SAN CARLOS DE BARILOCHE (AB).- La Expedición Bicentenario cumplió su objetivo y los siete argentinos pisaron la cumbre del monte Everest (8.848 metros), la montaña más alta del mundo. El grupo arribó a la cima el domingo 23 de mayo, a las 8:20 hora de Nepal (23:20 del sábado hora argentina) y permaneció en la cumbre por una hora, en una jornada que definieron como “magnífica”.
La noticia entusiasmó a sus familiares y amigos en esta ciudad, quienes recibieron la noticia vía telefónica el sábado a la medianoche.
“Argentina, ¡Feliz Bicentenario, desde la cumbre del Everest!”, expresaron los andinistas barilochenses mediante una comunicación radial desde la cima al campamento base, adonde anoche ya habían llegado de regreso, en perfecto estado.
Es la primera vez que varios argentinos suben en forma conjunta a la cima de una montaña de más de 8.000 metros.

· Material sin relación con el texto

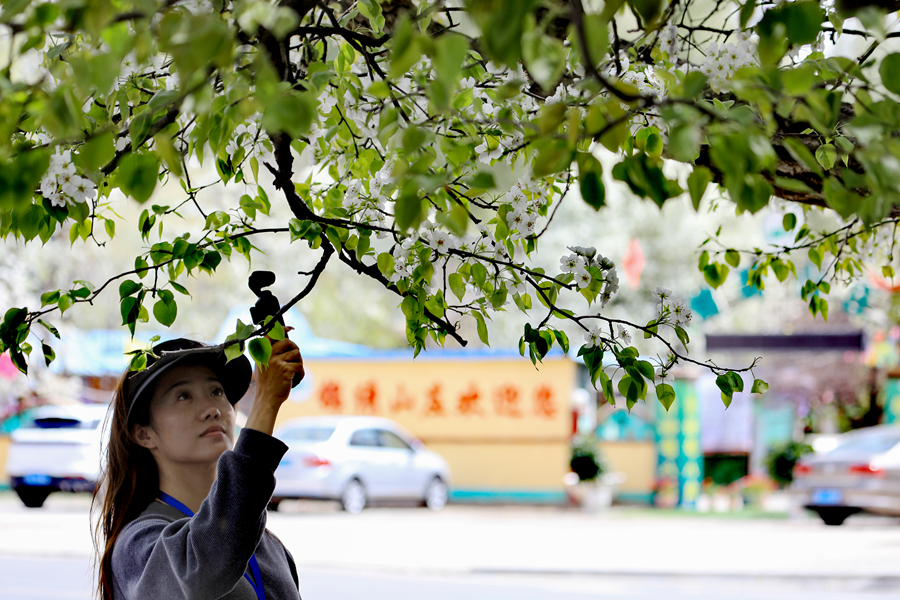 圖為游客在盛開(kāi)的梨花下拍照留念。新華網(wǎng) 黃開(kāi)森 攝

Cinco andinistas integran la Expedición del Bicentenario promovida por el Club Andino Bariloche (CAB): Ramón Chiocconi, Marcelo Deza, Leonardo Proverbio, Carlos Galosi y Alvar Puente. Ascendieron junto a los experimentados guías de alta montaña Willie y Damián Benegas, los cuales ya habían estado en el “techo del mundo”.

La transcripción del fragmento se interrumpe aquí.